Abstract

The study of von Peter et al. (1) reported in this issue demonstrates once again how unwise it would be for physicians to ignore the rising tide of interest and use of complementary and alternative therapies amongst our patients. On this occasion, a high usage of complementary and alternative medicine (CAM) has been demonstrated in a population attending a specialist headache clinic, but the observation has been made amongst general neurological patients (2) and famously, in a wider, more generally representative population (3).
The authors discuss a number of reasons for physicians to take note of these findings, including the well-documented fact that most CAM use is not revealed to doctors (with likely attendant risks of treatment interactions). They mention that physicians should remain open to potentially beneficial treatments and that those that are deemed safe and effective should be incorporated into daily practice. The current lack of clarity on which therapies are effective means that they have to end by calling for more research of high quality. They suggest establishing new study designs which can combine ‘the specific demands of CAM with scientifically based, randomised controlled trials’ (RCTs). In other words, they feel a need for more evidence of efficacy before being able to recommend any forms of CAM as reasonable therapeutic options for headache sufferers and for full reimbursement by healthcare providers.
What kind of evidence though? Eighty-five percent of this study sample of 73 patients attending a head and neck pain clinic had used at least one of the 50 CAM therapies listed and 60% perceived the use to have been beneficial. Most of them had not responded to prior conventional therapy and by virtue of attending a specialist headache clinic, are likely to have been amongst the more difficult group to help with their headache symptomatology. One response to this kind of data is to wring the hands and bemoan the apparent willingness of ‘unscientific’ patients to respond to treatments for which there is no ‘evidence’. Here, the placebo effect, nonspecific, situational factors and regression to the mean are generally cited.
Another possible reaction is to wonder what conventional medicine might learn from CAM therapies. Quite apart from obtaining better understanding of CAM therapies and their practitioners, perhaps there are some CAM therapies which physicians might usefully and satisfyingly obtain training in themselves to improve their service to sufferers. If the bringing together of high quality conventional and complementary skills can happen within individual physicians, then I believe that the goals of the ‘integrative medicine’ to which the authors refer will truly begin to be met.
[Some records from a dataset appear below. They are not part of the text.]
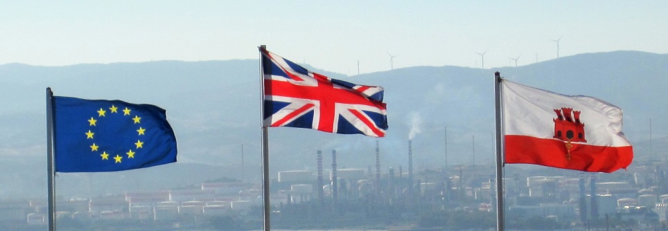 The flags of the European Union, Britain and Gibraltar from atop one of the military emplacements up on the Rock...
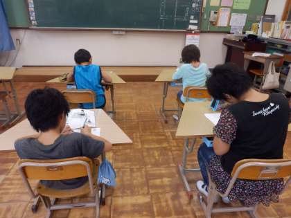 正しい鉛筆の持ち方,姿勢をもう一度確認しました。普段の持ち方に慣れていて,正しい持ち方に,「書きにくい〜!」という声もあがっていました。しかし,正しい持ち方,姿勢をしっかり意識して文字の練習をすることができました。
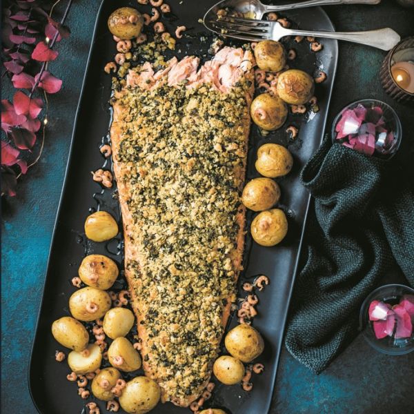 Losos z zeliščno skorjico in krompir s kozicami
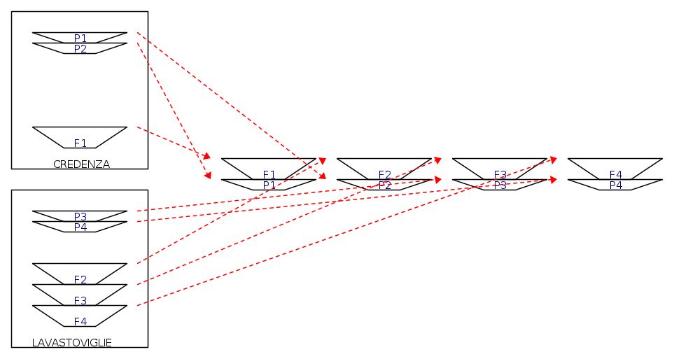 FedericoSibona ha scritto:carlomariamanenti ha scritto: Devi apparecchiare la tavola per quattro persone, disponi di due piatti piani nella credenza e di due piatti piani nella lavastoviglie; vi sono ancora una fondina nella credenza e tre nella lavastoviglie.
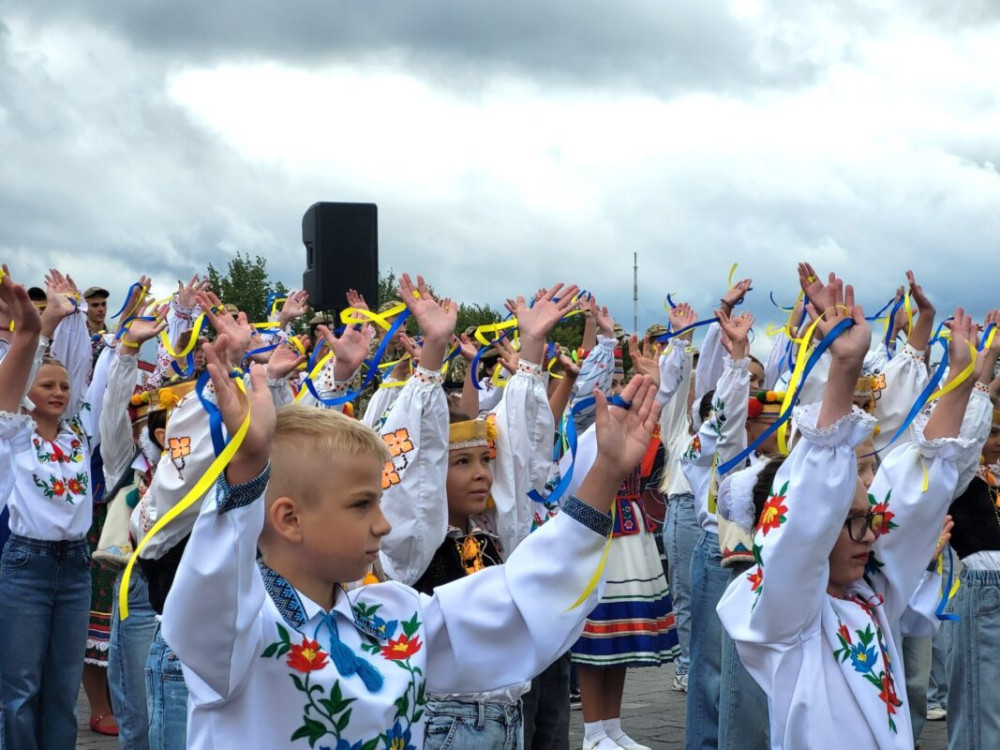 Святкування продовжилося патріотичним флешмобом «Жовто-блакитне серце». До виступу долучилися понад пів сотні юних танцюристів з місцевих хореографічних колективів. Вони подарували глядачам яскраву програму, яка стала символом віри у мирне майбутнє країни.

Many conventional interventions in the headache field are not well supported by results from RCTs and yet physicians continue to use them, satisfied with their real-world effectiveness (4). von Peter and colleagues acknowledge difficulties in the design of studies in CAM, at least those concerned with establishing treatment efficacy above placebo, but this is not the only form of evidence. Indeed, I would take from the current study a preliminary demonstration of some evidence that CAM approaches in general can be helpful in the management of headache. It has been well argued that much more use could be made of more formal outcome studies to decide on the usefulness or otherwise of specific CAM interventions – effectiveness research (5).
One example from the headache literature concerns homeopathy, a particularly implausible therapy, which some have suggested should not even be considered for investigation (6). There have been a number of well-conducted RCTs in chronic headache which failed to show efficacy over placebo (7, 8), but a recent observational study compared SF-36 scores before and 4–6 months after homeopathic treatment in 53 patients with longstanding migraine or tension-type headache (9). Highly significant improvements in all dimensions of health were found, with the largest improvements being in the ‘bodily pain’ and ‘vitality’ parameters. Here is a clear mismatch between failure to demonstrate an abstract ‘efficacy’ and demonstration of a concrete ‘effectiveness’, arguably of far more relevance to sufferers.
No one could argue with the goal of expanding the range of effective therapies generally available for headache sufferers. von Peter and colleagues have shown just how many potential therapies are already being used, waiting for assessment. If the only assessment tool allowed is to be the RCT though, then our patients are in for a long wait.